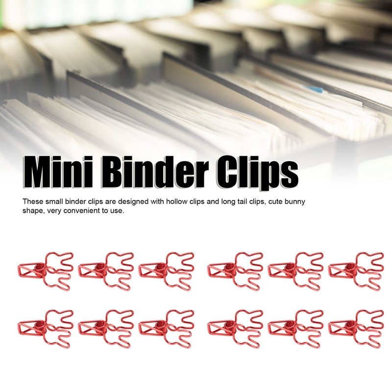 1、Unique Design: These small binder clips are designed with hollow clips and long tail clips, cute bunny shape, very convenient to use. 2、Strong Clamping Force: These small binder clips have a strong clamping force that holds the paper securely, yet are easy to handle. 3、Multipurpose: These small binder clips are perfect for your documents, certificates, tickets, clothes and other items. 4、Sturdy Metal Material: These small binder clips are made of sturdy and durable metal material, ensuring a long service life. 5、Ideal Gift: This pack includes 100 small binder clips, making it an ideal gift for kids, friends and family.
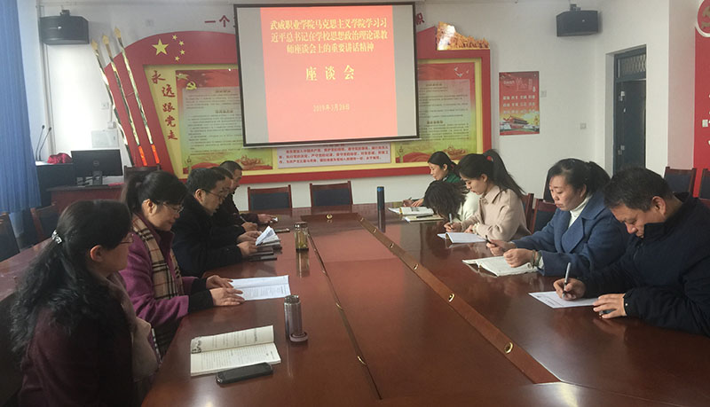 為了深入學(xué)習(xí)貫徹習(xí)近平總書記在在學(xué)校思想政治理論課教師座談會上的講話精神,3月20日下午,武威職業(yè)學(xué)院馬克思主義學(xué)院召開思政教師座談會,專題學(xué)習(xí)習(xí)近平總書記在學(xué)校思想政治理論課教師座談會上的重要講話精神,深入交流學(xué)習(xí)總書記講話精神的心得體會。會議由馬克思主義學(xué)院副院長胡靜峰主持。
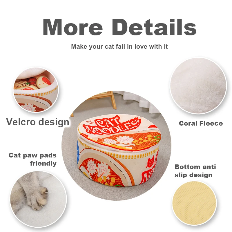 Super comfortable and soft! Comes with fluffy wool "ramen cover" and plush ramen soup mat! Secure with Velcro.
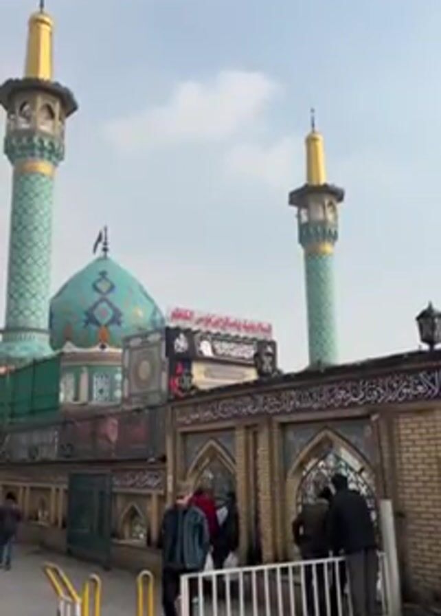 mosque with a large turquoise dome and two tall minarets with gold tips. The minarets are decorated with light green patterns. A wall with ornate tilework surrounds the base of the mosque, and a black banner with Arabic script and a portrait is visible above the wall. Several people are standing near the entrance to the mosque, and a man walks along a sidewalk in the foreground. The sky is light blue. The overall atmosphere seems religious and solemn.
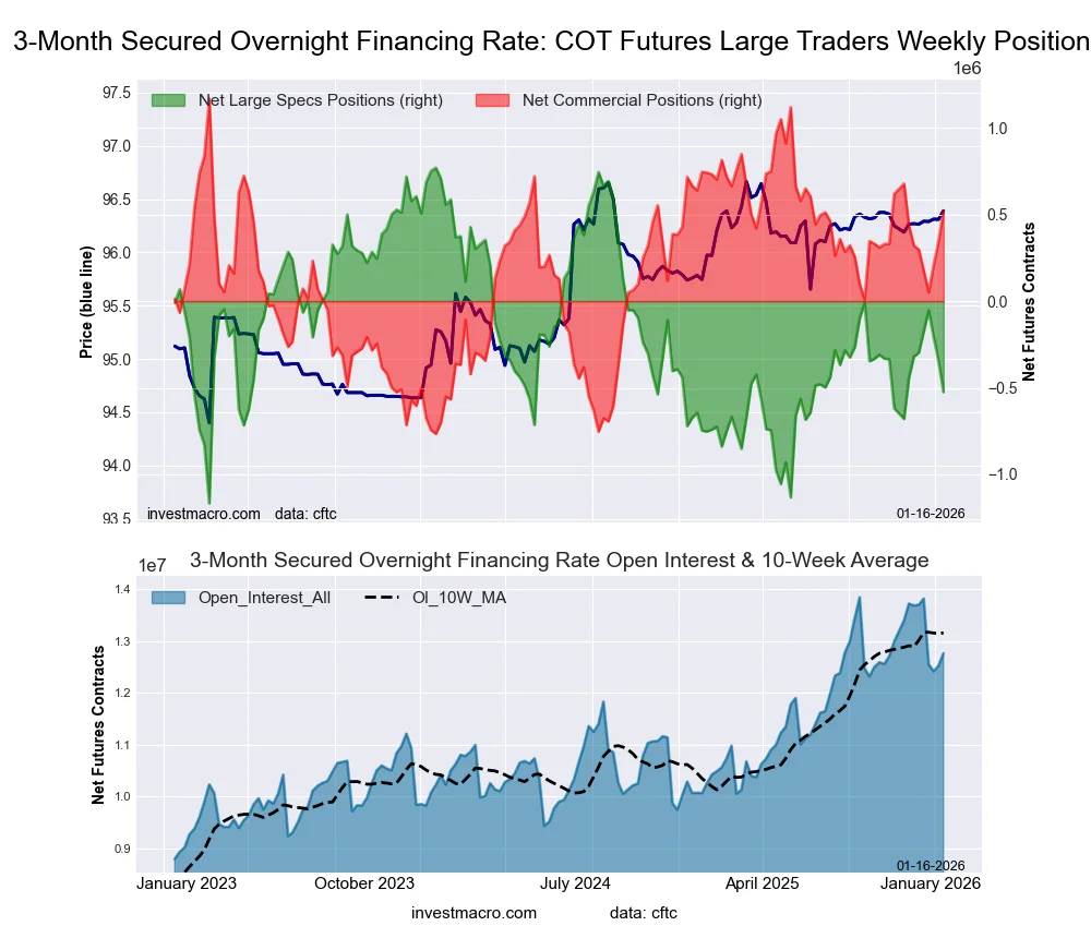The Secured Overnight Financing Rate (3-Month) large speculator standing this week resulted in a net position of -594,042 contracts in the data reported through Tuesday. This was a weekly boost of 1,559 contracts from the previous week which had a total of -595,601 net contracts.

▸ **The task**
Starting at the line above that contains "Super comfortable and", transcribe every line exactly through the line that contains "mosque with a", including that last one, and skip the pictures.

▸ **Reply to the exercise**
 Super comfortable and soft! Comes with fluffy wool "ramen cover" and plush ramen soup mat! Secure with Velcro.
 mosque with a large turquoise dome and two tall minarets with gold tips. The minarets are decorated with light green patterns. A wall with ornate tilework surrounds the base of the mosque, and a black banner with Arabic script and a portrait is visible above the wall. Several people are standing near the entrance to the mosque, and a man walks along a sidewalk in the foreground. The sky is light blue. The overall atmosphere seems religious and solemn.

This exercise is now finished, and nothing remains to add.